Детскими устами простосердечного Иеронима говорит не только почтение к религиозной святыне, но и неподдельное, естественное увлечение игрой со словами, той игрой, полной торжественности и самого серьезного веселья, которое по-русски называется "витийство". Слово это, по существу, в полноте своих коннотаций и эмоциональных обертонов непереводимо: оно не совпадает до конца с понятиями "риторики" или "элоквенции", потому что его смысловые оттенки слишком связаны со специфической физиогномией церковнославянской и греко-византийской стилистики. Без этого элемента "витийства" немыслима вся традиционная русская культура речи, прежде всего, конечно, в допетровские времена, но и много позже. Даже великий Пушкин, так много сделавший вслед за Карамзиным и карамзинистами для модернизации русского языка, т. е. для его эмансипации от опеки церковнославянского, - даже он отдал дань "витийству" хотя бы в своих переложениях из "Песни песней", где он выступает поистине как старший брат смиренного Иеронима.

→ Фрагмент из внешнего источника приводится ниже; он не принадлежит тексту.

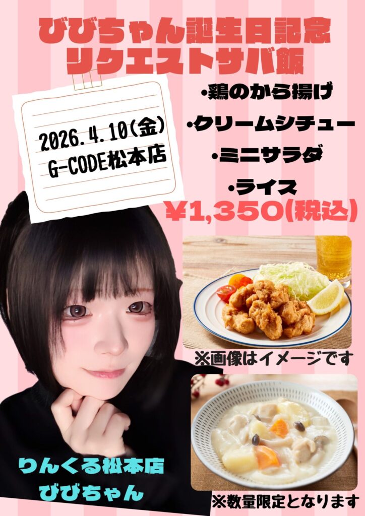 イベント自体はりんくるカフェで行いますが、G-CODE松本ではびびちゃんが好きなお料理をご提供します!
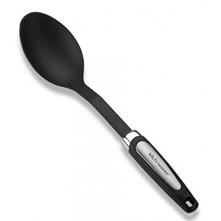 <b>Nylon Serving Spoon Classic Nonstick Nylon Basting Serving Spoon Utensil, Black - By Kitch N' Wares</b> <p>You will love this cooking spoon. Sturdy and well made, the classic serving spoon is durable and made to last.</p> <p> The silicone flexi-edge hugs pots and pans tightly, while protecting your cookware from scratches. </p> <p>It features a Comfortable to use long handle which is great for reaching into deep pots.</p> <p> The serving spoon is safe for all cookware and is perfect for basting your favorite:</p> <p> Meat</p> <p> Serving rice</p> <p> Or vegetables</p> <p>And so much more </p> <p>The Nylon head is heat resistant to 400 degrees F. and easy to clean-either a quick hand -wash or put it in the dishwasher for easy clean. </p> <p>- Durable handle provides a secure, comfortable grip; Handle has a Patented Shape, Ergonomically Designed to fit perfectly for Right or Left Hand Users </p> <p>- A hole in the handle allows convenient hanging storage - The nylon coating also means that food won't stick to this spoon, making it easy to lift.</p> <p>Spend your money for the good ones, Kitch N' Wares will get you satisfied, get yours today.</p> <p> Try it, it's totally risk free! If for any reason you decided you don't like it, just send a simple email and get a full refund!</p> <p> Absolutely no questions asked, so you have nothing to lose,<b> click add to cart now</b></p>
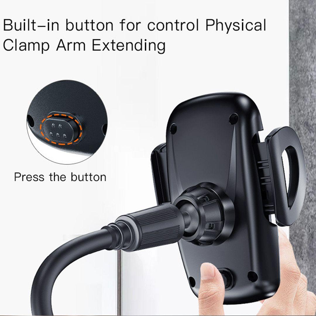 Equipped with a built-in button that opens and closes the clamp with a single press — allowing you to mount or remove your phone effortlessly with one hand.
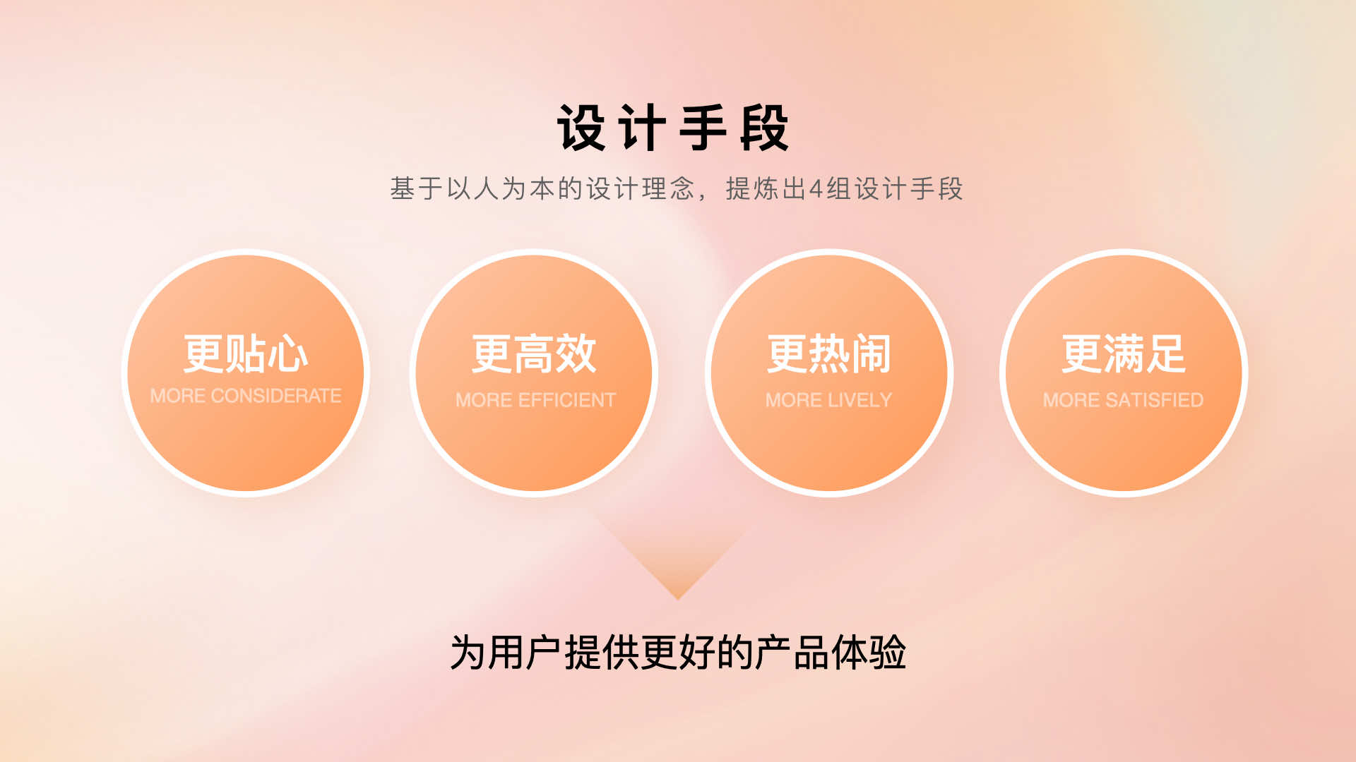 以人為本的設(shè)計(jì)理念不僅僅是視覺層面的展現(xiàn),還需要從用戶需求維度提供人性化的產(chǎn)品體驗(yàn),因此,我們提煉出了四組設(shè)計(jì)手段:更貼心、更高效、更熱鬧、更滿足。
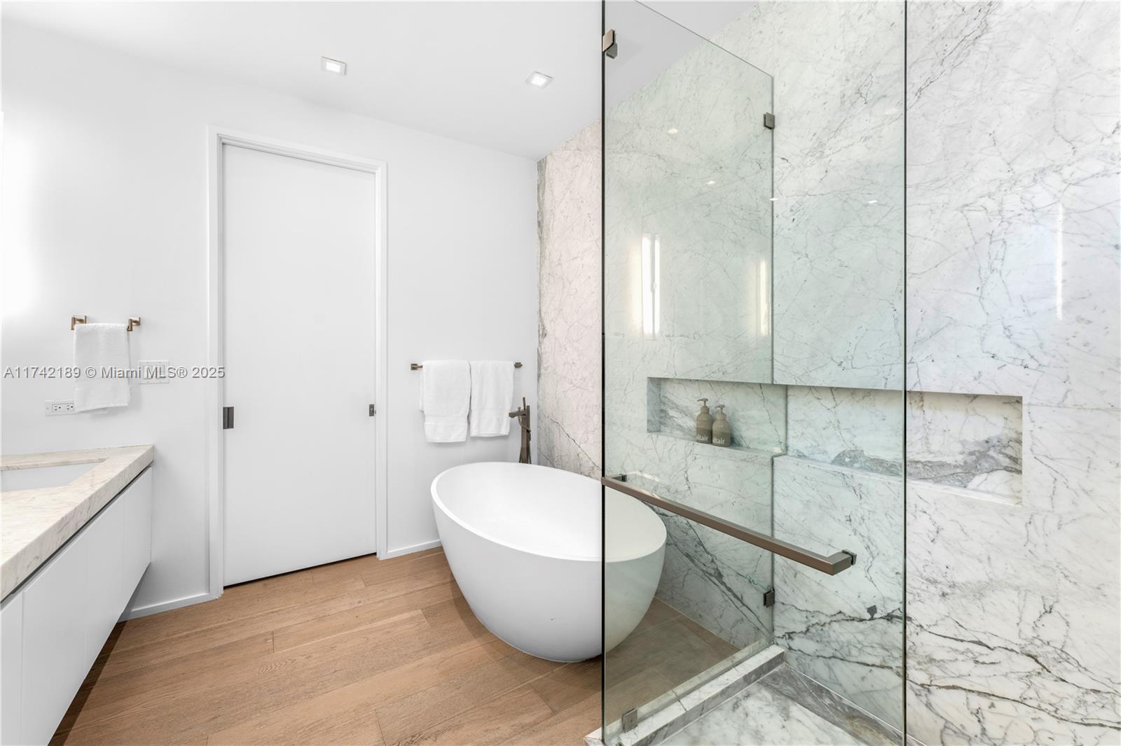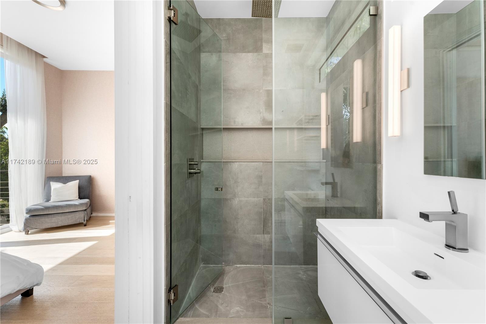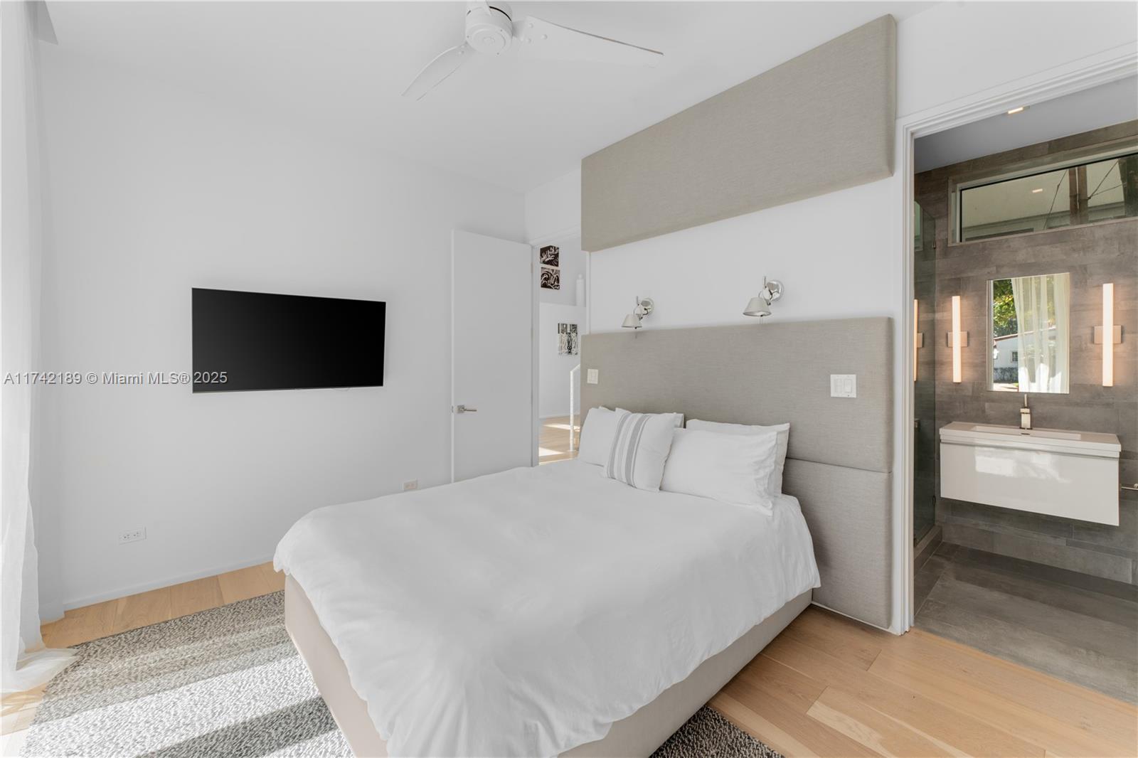 This exceptional two-story modern home offers 4 spacious bedrooms, 4.5 luxurious bathrooms, and 3,280 SQFT of meticulously designed living space on a generous 7,500 SQFT lot. Located in the heart of Miami Beach, this gated residence ensures ultimate privacy and tranquility. The home features a heated pool, a marble-clad master bath with a freestanding tub, and soaring double-height ceilings. Additional highlights include 2 laundry rooms, ensuring convenience and ease. Ideally situated on a quiet side street with limited traffic, the home offers the perfect blend of peaceful living and proximity to all the best that Miami Beach has to offer. Built by Todd Michael Glaser, this turn-key property exemplifies luxury, style, and sophistication.

Вернемся, однако, к Иерониму. Многокорневые словообразования, которыми он так восторгается, все без исключения имеют прообраз в греческом. "Древо светлоплодовитое" - это dendron aglaocarpon, "древо благосеннолиственное" - это xylon eysciophylion, и оба эпитета заимствованы из знаменитого ранневизантийского гимна, который по-гречески называется Hymnos Acathistos, а по-русски - "Акафист Пресвятой Богородице". "Светоподательна светильника сущим [во тьме]" - это взято из позднейшего византийского гимна, который называется по-русски "Акафист Иисусу Сладчайшему" и представляет собой легкую переработку словесного материала все того же первого, богородичного Акафиста.

Уже в нашем столетии не филолог, но внимательный к филологии русский поэт так сформулировал свое восприятие русской речи: "Русский язык - язык эллинистический. По целому ряду исторических условий живые силы эллинской культуры, уступив Запад латинским влияниям и ненадолго загощиваясь в бездетной Византии, устремились в лоно русской речи, сообщив ей самобытную тайну эллинистического мировоззрения, тайну свободного воплощения, и поэтому русский язык стал именно звучащей и говорящей плотью".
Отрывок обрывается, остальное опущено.